The Bricusse/Newley team had another solid success in 1965 with The Roar of the Greasepaint – The Smell of the Crowd, which at 231 Broadway performances did not meet expectations but yielded three popular hit songs, “Who Can I Turn to?,” “A Wonderful Day Like Today,” and “Feeling Good.” The writers earned a Tony® nomination for Best Composer and Lyricist.

Probably the most fecund and rewarding period in Leslie Bricusse’s career were the six or seven years beginning with his score to the film of Doctor Dolittle, starring Anthony Newley and Rex Harrison, in 1967. Although the film itself was considered a failure, his song “Talk to the Animals” won that year’s Oscar® for Best Song, and the entire score was nominated. The three film scores that followed – for Goodbye, Mr. Chips in 1969, Scrooge in 1970, and Willy Wonka and the Chocolate Factory in 1971 – were all nominated for Academy Awards®. “The Candy Man,” from Willy Wonka, was recorded by Sammy Davis, Jr., and climbed to the very top of the pop charts. Doctor Dolittle, Scrooge, and Willy Wonka exist now as stage musicals as well, and are performed all over the world – especially Scrooge at Christmastime.

Another bid for success from the Bricusse/Newley team was The Good Old Bad Old Days (1972), which played 309 performances in the West End but never crossed the pond. It seemed to mark the beginning of a fallow period, for Bricusse turned out very little until 1978, when he contributed some songs to Superman: The Movie (“Can You Read My Mind?”) and The Revenge of the Pink Panther.

A highlight of Leslie Bricusse’s resumed activity was the score, written with Henry Mancini, to Blake Edwards’s 1982 film Victor/Victoria, for which he won a second Oscar®. He earned subsequent nominations for the songs “Life in a Looking Glass” (That’s Life, 1986), “Somewhere in My Memory” (Home Alone, 1990), and “When You’re Alone” (Hook, 1991).

Victor/Victoria was adapted for Broadway in the fall of 1995 and ran for 734 performances, with a succession of leading ladies that included Julie Andrews, Liza Minnelli, and Raquel Welch. Hot on its heels in 1997 was Jekyll and Hyde, written with Frank Wildhorn, which far outpaced it, running from April 1997 to January 2001 and earning a Tony® nomination for Best Book of a Musical.
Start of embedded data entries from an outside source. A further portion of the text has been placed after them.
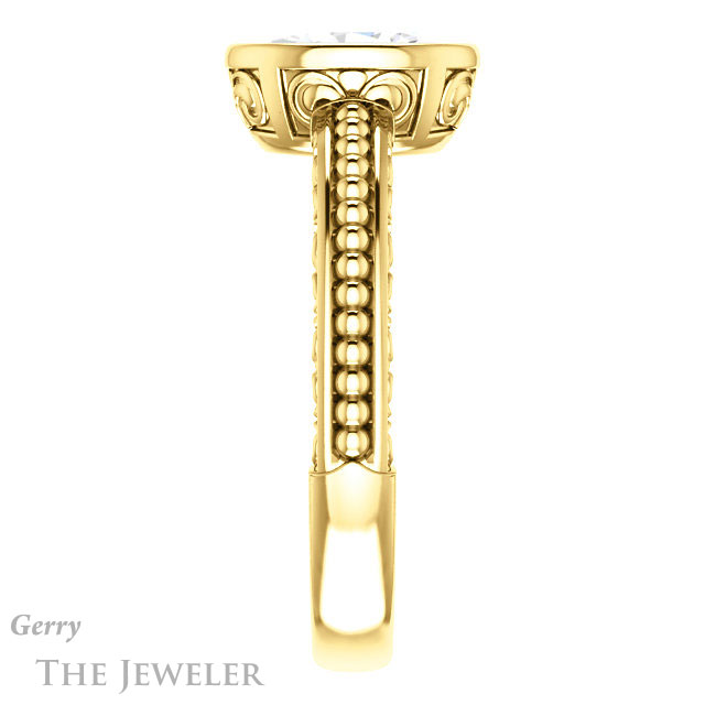 - This design can be set with your choice of certified lab grown diamond or moissanite center gem.Â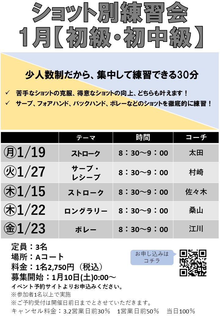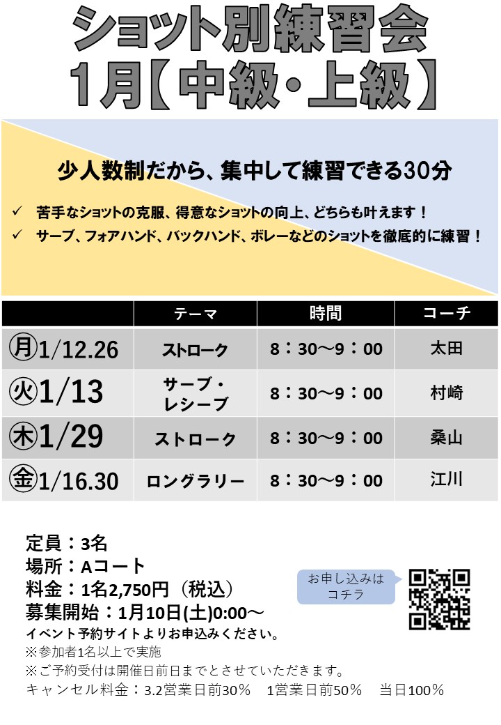 ✅苦手なショットの克服、得意なショットの向上、どちらも叶えます! ✅サーブ、フォアハンド、バックハンド、ボレーなどのショットを徹底的に練習!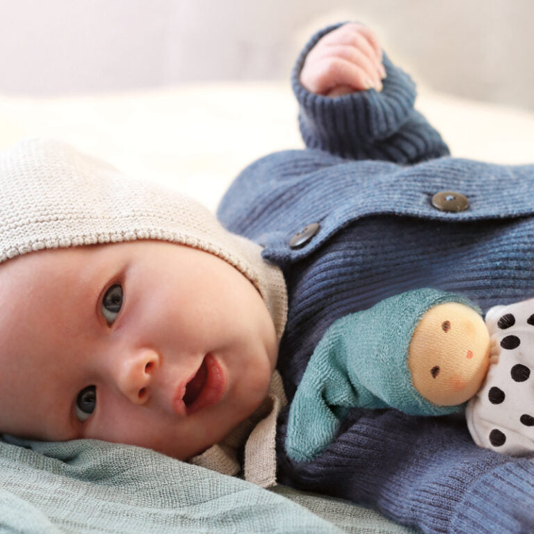 Zoals altijd is dit popje met de hand gemaakt in Duitsland, van 100% biologisch katoen en gevuld met zuivere scheerwol. Volledig gifvrij, ademend en zacht voor de kwetsbare babyhuid. Het popje is ongeveer 25 cm en weegt 50 gram.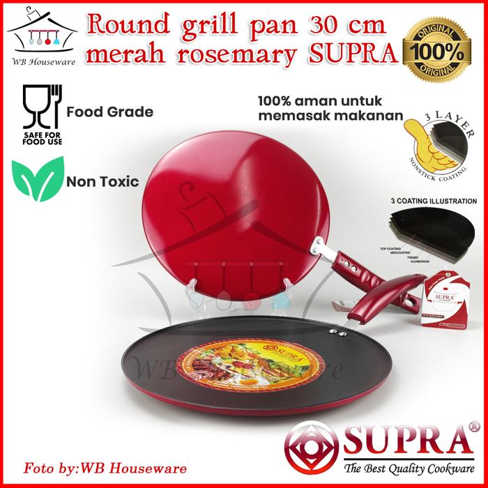 Wajan Teflon / Wajan Ceper / Wajan Gagang / SUPRA ROUND GRILL PAN 30CM - GrillPan Bulat Ceper - handle merah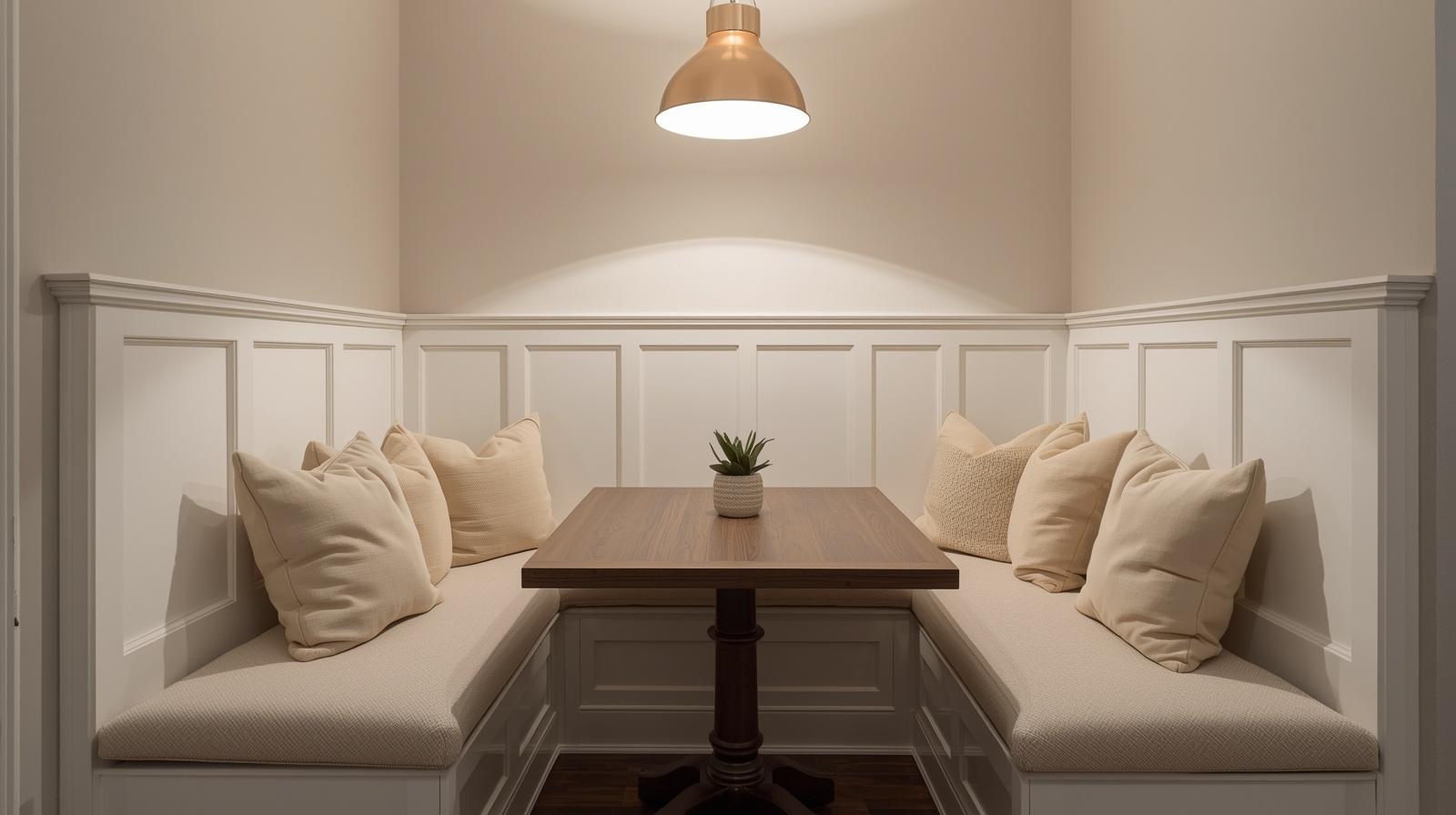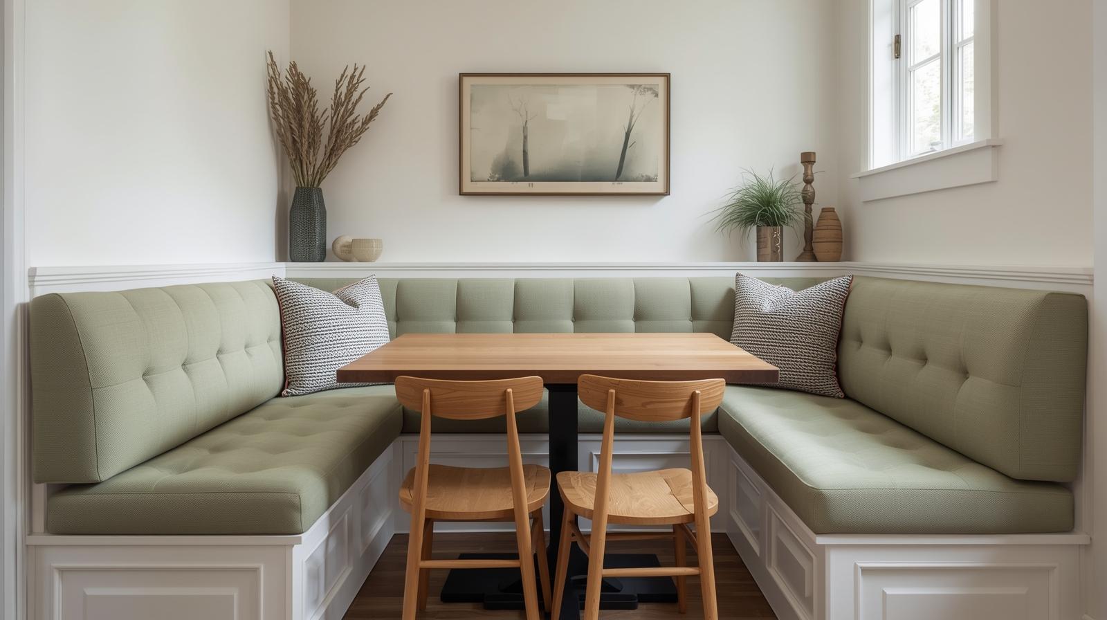 A corner dining nook turns an underused corner into the most charming spot in the home. L-shaped bench seating built or placed into a corner with a small table creates an efficient, cozy dining setup that uses space no standard dining set could occupy. Style with layered cushions, a small hanging light above, and a tiny plant for a café-corner feel.

In 1989 Bricusse received the Kennedy Award from the British Academy of Songwriters, and in the same year was inducted into the American Songwriters’ Hall of Fame, being the fourth Britisher ever to be so honored, after Noel Coward, John Lennon, and Paul McCartney. In 2001 he was made an Officer of the Order of the British Empire for his contributions to the film industry and the theatre.

Among the miscellaneous scores and screenplays Bricusse has had a hand in are Peter Pan; Harvey; Henry’s Wives; One Shining Moment; Sherlock Holmes; Santa Claus – The Movie; Home Alone I & II; Hook; and Tom & Jerry – The Movie. Besides Anthony Newley, Frank Sinatra, Nat King Cole, Judy Garland, Aretha Franklin, Barbra Streisand, Tony Bennett, Tom Jones, Petula Clark, Andy Williams, Rex Harrison, Kate Smith, Elaine Paige, Michael Feinstein, Bette Midler, Nancy Sinatra, Lena Horne, Sergio Mendes, Nina Simone, Dionne Warwick, Robert Goulet, Matt Monro, Harry Secombe, Ray Charles, Ethel Merman, Placido Domingo, Jennifer Holliday, Danny Kaye, Robbie Williams, Mariah Carey, Linda Eder, Diana Krall, Maureen McGovern, Celine Dion, Barbara Hendricks, Michael Bublé, The Moody Blues, Maroon 5, and The Black-Eyed Peas have all recorded material by Bricusse. The record holder is Sammy Davis, Jr., who recorded sixty of his songs.

Davis is the subject of one of the composer/plawright’s most recent projects, a musical biography titled Sammy. Bricusse has also recently collaborated again with Wildhorn in a musical adaptation of Cyrano de Bergerac, which premiered in Tokyo, in Japanese, in Spring 2009 but has not yet been produced elsewhere. For the future he plans one of his most ambitious undertakings to date, setting lyrics to the works of George Gershwin, to be called A Few Words with George. (He has already made a song cycle out of Tchaikovsky’s Nutcracker Suite.)

Bricusse and his wife, former actress Yvonne Romain, have homes in the south of France, Los Angeles, and in London.